Надо было срочно придумывать весомую причину - любопытная Танька не отстанет ни за что, не разузнав подробности:
- Чем это таким важным ты можешь быть вечером занята?
Я лихорадочно прокручивала в голове причины, которые смотрелась бы вполне уважительными, но не оставляли шанса увязаться за мной.

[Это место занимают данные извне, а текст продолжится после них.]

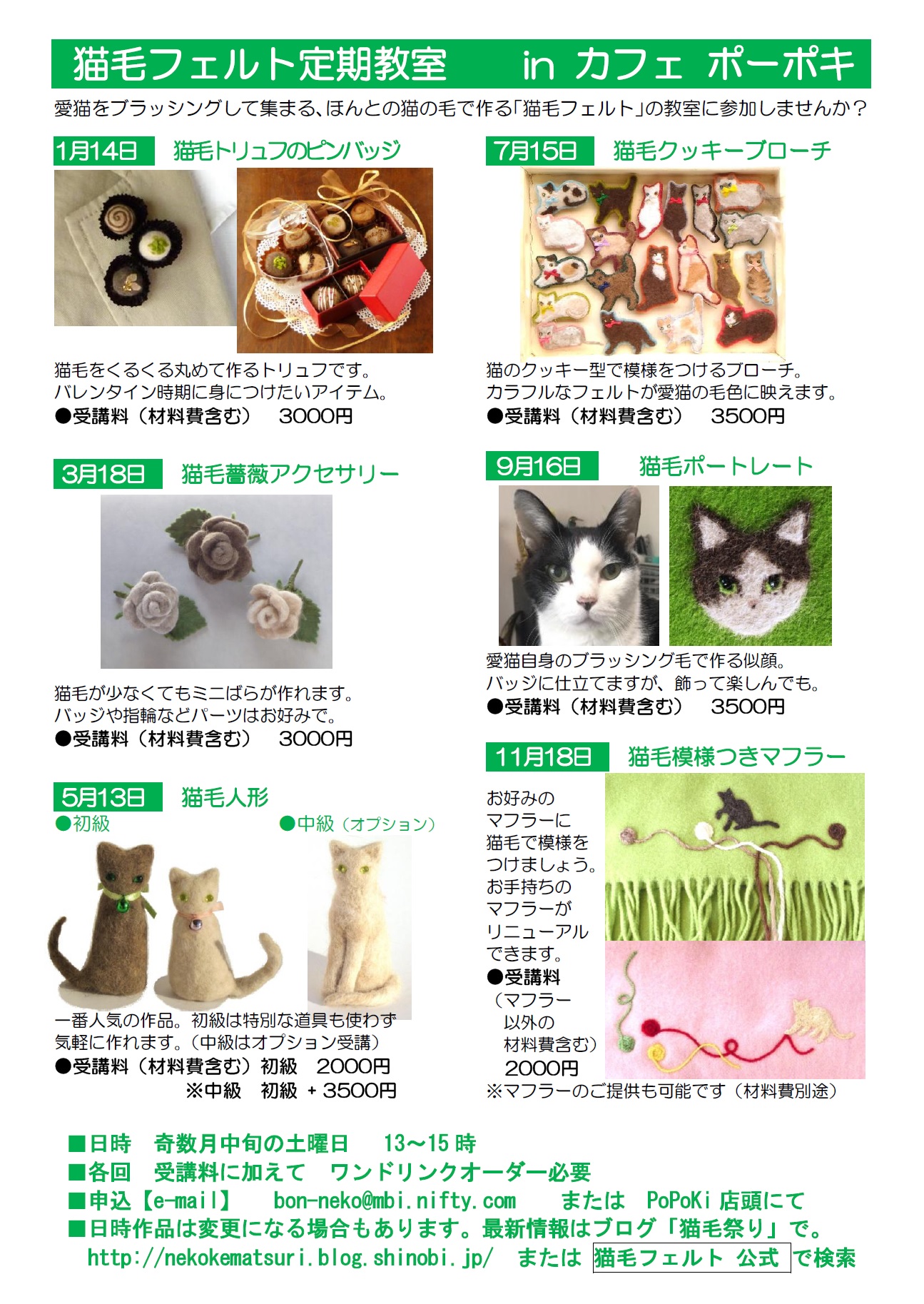 単発参加可能!猫毛フェルトの飯田橋定期教室、2017年スケジュールです

- Я пойду… Пойду… К стоматологу пойду. Да. У меня зуб разболелся, вот сегодня и пойду.
- А почему вечером-то? Дня тебе мало?
От Таньки просто так не отделаешься.
- Почему вечером? Ну, потому что… А у них днем все занято! Вот! Поэтому вечером.
В воздухе очень кстати повеяло пригорелым, я прервала опасный разговор и побежала спасать голубцы.
И наступил вечер, и включили футбол, и мой суженый задремал, а потом и заснул, и, как только сон его набрал глубину, я потянулась за красным платьем. И призадумалась: два дня подряд являться на свидание в одном и том же - негоже это, не комильфо. И если алый наряд заменить нечем, то взять другой стакан – проще некуда. Поколебавшись между желтой машинкой и синей, я выбрала последнюю. Сказать, что впоследствии выбор этот меня разочаровал – не сказать ничего.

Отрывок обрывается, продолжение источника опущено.